> **Try it**: Among the lines below, output only those between the line holding "Éléments symboliques: Les" and the line holding "- Mix kolorów", inclusive, exactly as written and with no pictures.

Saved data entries
>>>>>
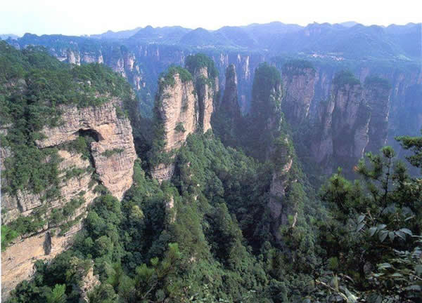 大觀(guān)臺(tái) 這就是大觀(guān)臺(tái)。極日遠(yuǎn)眺,千百座奇峰盡收眼底。一位詩(shī)人說(shuō),武陵源的砂巖石峰是一步一觀(guān)景,千步千造型,一山有四季,十步不同大。專(zhuān)家測(cè)算出武陵源石峰有3103座。一如一位高超的雕塑大師,模擬宇宙萬(wàn)物,無(wú)不形態(tài)逼真,維妙維肖,栩栩如生,呼之欲動(dòng)。有的如海螺出水,有的如金龜銜日,有的如蓮花盛開(kāi),有的如天橋橫空,有的如長(zhǎng)槍刺大,有的如寶塔聳立,有的如老人采藥,有的如玉女梳妝,有的如將軍出征,有的如戰(zhàn)馬長(zhǎng)嘯,有的如情人幽會(huì),有的如夫妻相擁,有的如仙女散花,有的如村姑守望……有的孤峰獨(dú)秀,有的直插云霄,有的婷婷玉立,有的威武勇猛,有的小巧玲瓏,有的大氣磅礴。進(jìn)入武陵源,但見(jiàn)一片峰的森林,峰的世界,峰的海洋。挺拔、奇秀、集中、原始、粗獷、古野。這就是武陵源。 一位藝術(shù)大師說(shuō):武陵源的山峰,改寫(xiě)了山的概念。大攝影家陳勃說(shuō) :“三山五岳堪比美,華夏風(fēng)光第一流!蓖趵^杰先生說(shuō):“武陵源上二日游,勝讀千篇李杜詩(shī)!痹S世杰先生說(shuō):“秀幽險(xiǎn)峻稱(chēng)奇絕,五岳黃山拜·卜風(fēng)。”李成瑞先生為此大抱不平:“神州勝景誰(shuí)為最?須請(qǐng)霞公重評(píng)勘!笨上煜伎蜔o(wú)緣到大觀(guān)臺(tái)來(lái),也不可能為武陵源作甚評(píng)價(jià)了。
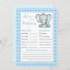 Padrão de estrelas brancas azuis, conselho de bebê elefante e cartão de previsão. Adicione suas previsões sobre o novo bebê e deixe seus melhores desejos.
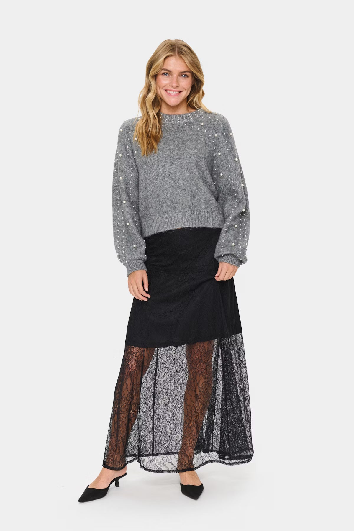 A piece like this is perfect for the days where you want to feel comfy and casual but still a little dressed up. In a cropped and relaxed fit, you can throw this knit on with your skirts or jeans for an effortless look, but the pearl embellishments keep it feminine and slightly elevated.
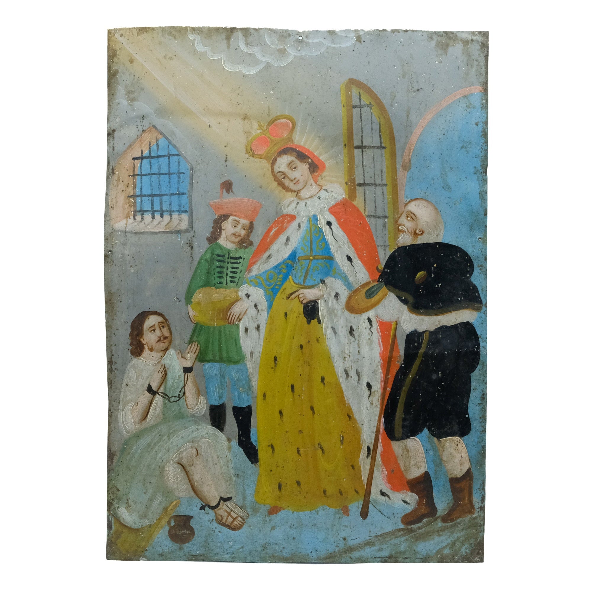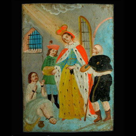 19th Century Mexican Santa Eduviges de Augustin Barajas "The Skimpy Painter" Retablo #141
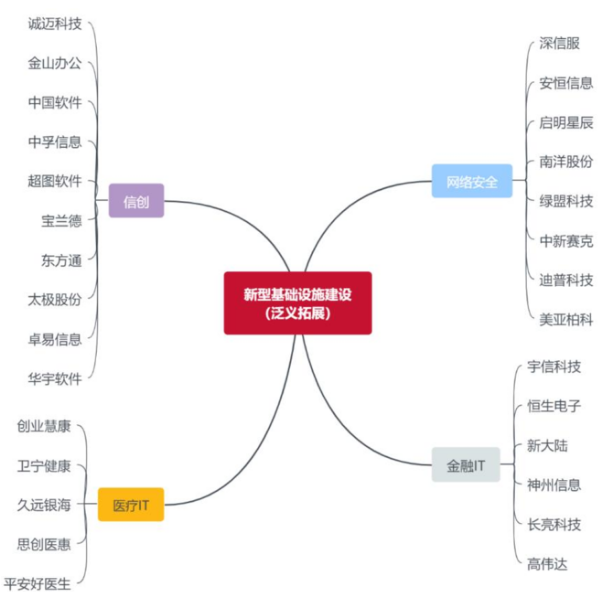 泛义的新基建:信创、网络安全、医疗IT、金融IT等。
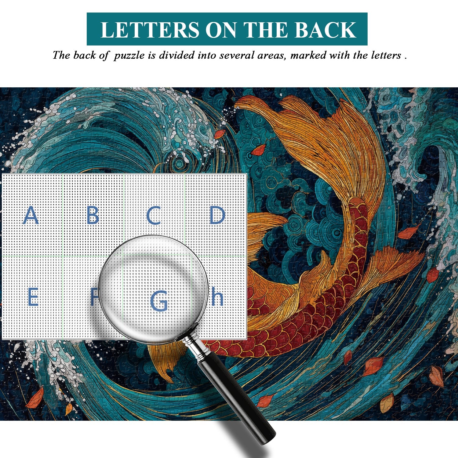 Éléments symboliques: Les feuilles flottantes rouges/brunes ajoutent une subtile touche saisonnière, tandis que le motif koi et vague évoque les thèmes de résilience et bonne fortune (commun dans le symbolisme de l'Asie de l'Est).
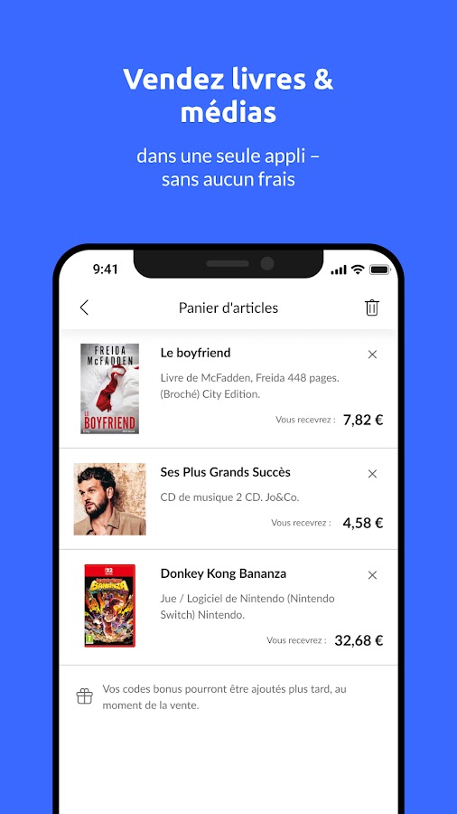 Примечание: цена покупки momox зависит от различных факторов, таких как наш инвентарь, цены покупки конкурентов и шансы перепродажи. Если вы оцениваете приложение momox на основе цен покупки, имейте в виду, что momox берет на себя расходы на доставку и риск перепродажи за вас.
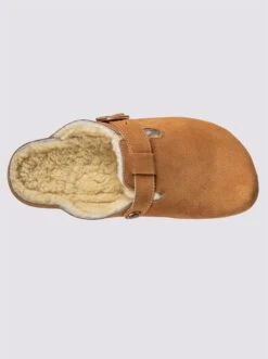 Pantolette Herrlich warm, mit echtem Lammfell gefüttert. Aus weichem Rind-Veloursleder. Weitenregulierung durch Riegel mit Dornschließe. Mit fellbezogenem Fußbett für mehr Tragekomfort. Rutschsichere Laufsohle mit Stoß-Absorber im Fersenbereich. Keilabsatz, Höhe ca. 10 mm. Weite F.
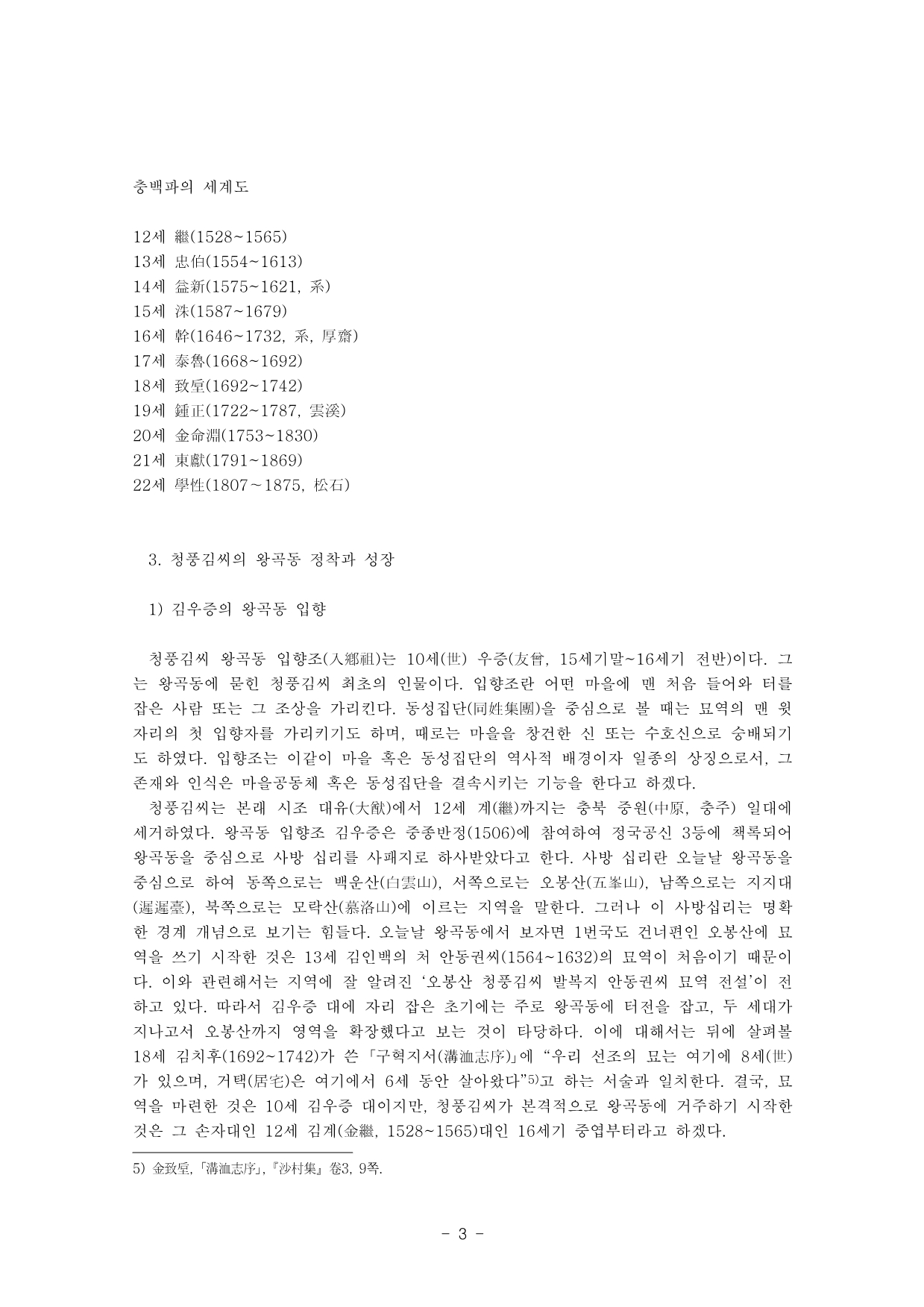 조선후기 왕림마을 청풍김씨 세계(世系)
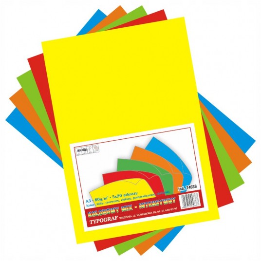 - Mix kolorów intensywnych: żółty, czerwony, zielony, niebieski, pomarańczowy
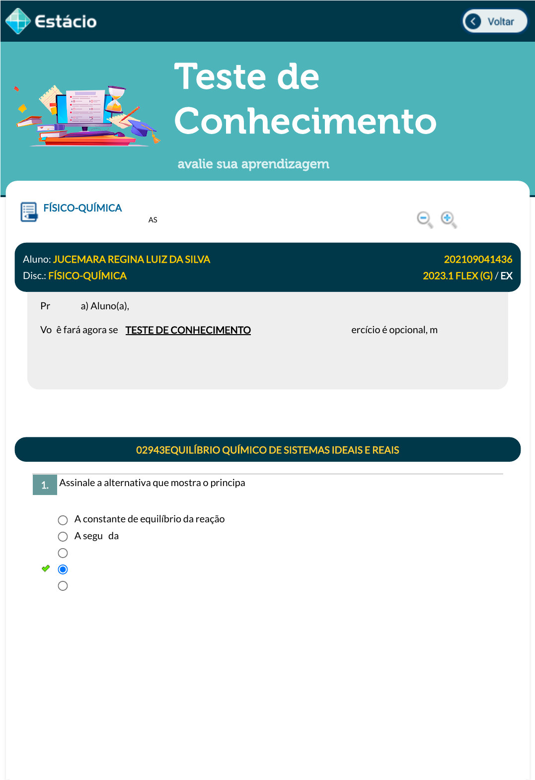 19/04/2023, 21:18 Estácio: Alunos https://simulado.estacio.br/alunos/ 1/6 Teste de Conhecimento avalie sua aprendizagem Assinale a alternativa que mostra o principal fator que afeta a valor da atividade de uma espécie química iônica: FÍSICO-QUÍMICA Lupa DGT0182_202109041436_TEMAS Aluno: JUCEMARA REGINA LUIZ DA SILVA Matr.: 202109041436 Disc.: FÍSICO-QUÍMICA 2023.1 FLEX (G) / EX Prezado (a) Aluno(a), Você fará agora seu TESTE DE CONHECIMENTO! Lembre-se que este exercício é opcional, mas não valerá ponto para sua avaliação. O mesmo será composto de questões de múltipla escolha. Após responde cada questão, você terá acesso ao gabarito comentado e/ou à explicação da mesma. Aproveite para se familiarizar com este modelo de questões que será usado na sua AV e AVS. 02943EQUILÍBRIO QUÍMICO DE SISTEMAS IDEAIS E REAIS 1. A constante de equilíbrio da reação A segunda lei da termodinâmica O tipo de troca térmica no sistema As interações eletrostáticas entre as espécies de cargas opostas A pressão sobre o sistema Data Resp.: 19/04/2023 20:58:49 Explicação: A opção correta é: As interações eletrostáticas entre as espécies de cargas opostas As forças de atração entre os íons de cargas opostas constituem o principal fator que estabiliza os íons em solução, reduzindo a sua reatividade e levando às atividades das espécies químicas presentes. A atividade não é afetada pelo tipo de troca térmica do sistema, pela segunda lei da termodinâmica. A atividade permite calcular a constante de equilíbrio em um sistema não ideal, mas não é afetada por esse parâmetro. A pressão sobre o sistema não é um fator diretamente relacionado com a atividade dos íons. javascript:voltar(); javascript:voltar(); javascript:diminui(); javascript:aumenta(); 19/04/2023, 21:18 Estácio: Alunos https://simulado.estacio.br/alunos/ 2/6 Uma reação em fase gasosa tem a pressão aumentada sobre o sistema reacional, observando-se um deslocamento da dinâmica reacional para o sentido da conversão direta. Assinale a alternativa correta que descreve as caraterísticas dessa reação. A endotermia (absorção de energia) e a exotermia (liberação de energia) são comuns e necessárias nas mudanças de estado. Nesses dois processos, ocorre variação da entalpia do sistema (∆H). Nos processos endotérmicos, ∆H>0, enquanto nos processos exotérmicos, ∆H<0. Em relação aos processos a seguir, marque a opção que melhor correlaciona o processo e a variação de energia observada: 2. Trata-se de uma reação em que os volumes dos produtos formados são menores dos que os volumes dos reagentes Trata-se de uma reação em que os produtos têm maior volume de gás do que os reagentes Trata-se de uma reação exotérmica, tendo em vista que o aumento da pressão favorece esse tipo de reação Trata-se de uma reação endotérmica, tendo em vista que o aumento da pressão favorece esse tipo de reação Trata-se de uma reação em que os volumes dos reagentes e dos produtos são iguais Data Resp.: 19/04/2023 20:59:55 Explicação: A opção correta é: Trata-se de uma reação em que os volumes dos produtos formados são menores dos que os volumes dos reagentes As reações em fase gasosa têm a sua dinâmica reacional alterada no sentido da redução do volume reacional. Para o caso descrito ocorre um deslocamento para a direita, no sentido da reação direta. Isso signi�ca que os volumes referentes aos produtos são menores que os volumes das substâncias reagentes. O aumento da pressão não afeta reações nas quais os volumes de produtos e reagentes são iguais e não se relaciona diretamente com processos endotérmicos ou exotérmicos. 02431ESTADOS DE AGREGAÇÃO DA MATÉRIA 3. O processo de solidi�cação ocorre com absorção de energia. Neste processo, a entalpia �nal do processo é menor que a inicial. O processo de ebulição somente ocorre se houver absorção de energia pelo gás e este se converter em plasma. O processo de condensação é aquele em que a entalpia aumenta: somente se condensa a substância sólida que recebe energia. Tanto a sublimação quanto a ressublimação apresentam variações de entalpias iguais, porém, de sinais opostos. A formação do plasma independe da absorção da energia. Ele é formado apenas pela conversão do gás em uma fase mais energética e que apresenta cargas causadas pelo aumento da entalpia. Data Resp.: 19/04/2023 21:00:46 Explicação: A opção correta é: Tanto a sublimação quanto a ressublimação apresentam variações de entalpias iguais, porém, de sinais opostos. 19/04/2023, 21:18 Estácio: Alunos https://simulado.estacio.br/alunos/ 3/6 A relação inversamente proporcional entre pressão e volume explica o comportamento dos gases quando sofrem redução de volume (ocorre de forma imediata o aumento da pressão). Esse conceito pode atuar também em função da energia interna e em função da distância entre as moléculas componentes de um gás. Marque a opção que melhor explica a relação entre volume ou pressão e a vibração das moléculas dos gases: A temperatura está diretamente relacionada, em termos de processo, a(o): As entalpias da sublimação e ressublimação são iguais em módulo, pois são dois processos contrários. O processo endotérmico da sublimação é explicado pela necessidade de obtenção de energia pela substância para a mudança para o estado gasoso. Já o processo contrário ou de ressublimação é um processo exotérmico, em que a energia é liberada pela substância gasosa até a obtenção do estado sólido. Esses valores de energia são pequenos, pois as substâncias não apresentam estabilidade no estado líquido e pequenas variações de energia já são su�cientes para a mudança de estado. Todo processo de mudança de fase da matéria envolve ganho ou perda de calor. Assim, é correto dizer que a fusão, a vaporização e a sublimação são processos en
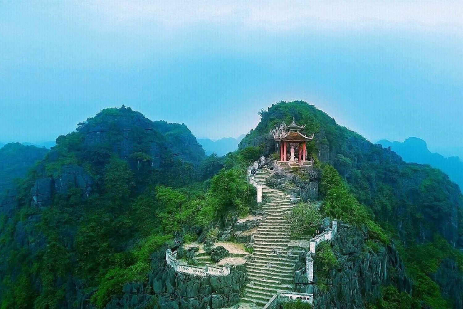 ✓ Return to the Limousine bus and head to Mua Caves. Hike up nearly 500 steps to the top of Lying Dragon Mountain for panoramic views of Tam Coc’s winding rivers and breathtaking landscape.
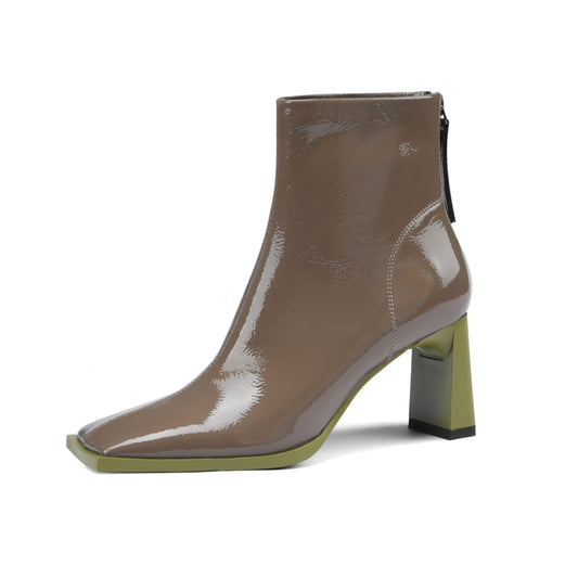 TinaCus Patent Leather Women's Handmade Back Zip Up Classic Square Toe Chunky Heel Glossy Ankle Booties
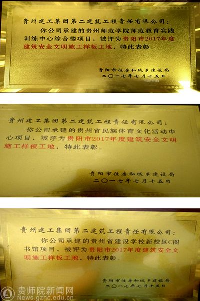 本网讯 8月1日,由贵阳市住房和城乡建设局主办的贵阳市2017年上半年建筑施工安全生产文明施工样板工地表彰暨现场观摩会在贵阳市观山湖区贵州省地质资料馆及地质博物馆项目施工现场举行。best365 “best365手机版官方网站师范教育实践训练中心综合楼”、在会上荣获“贵阳市2017年度建筑安全文明施工样板工地”称号。
<<<<<
> **Task response**:
 Éléments symboliques: Les feuilles flottantes rouges/brunes ajoutent une subtile touche saisonnière, tandis que le motif koi et vague évoque les thèmes de résilience et bonne fortune (commun dans le symbolisme de l'Asie de l'Est).
 Примечание: цена покупки momox зависит от различных факторов, таких как наш инвентарь, цены покупки конкурентов и шансы перепродажи. Если вы оцениваете приложение momox на основе цен покупки, имейте в виду, что momox берет на себя расходы на доставку и риск перепродажи за вас.
 Pantolette Herrlich warm, mit echtem Lammfell gefüttert. Aus weichem Rind-Veloursleder. Weitenregulierung durch Riegel mit Dornschließe. Mit fellbezogenem Fußbett für mehr Tragekomfort. Rutschsichere Laufsohle mit Stoß-Absorber im Fersenbereich. Keilabsatz, Höhe ca. 10 mm. Weite F.
 조선후기 왕림마을 청풍김씨 세계(世系)
 - Mix kolorów intensywnych: żółty, czerwony, zielony, niebieski, pomarańczowy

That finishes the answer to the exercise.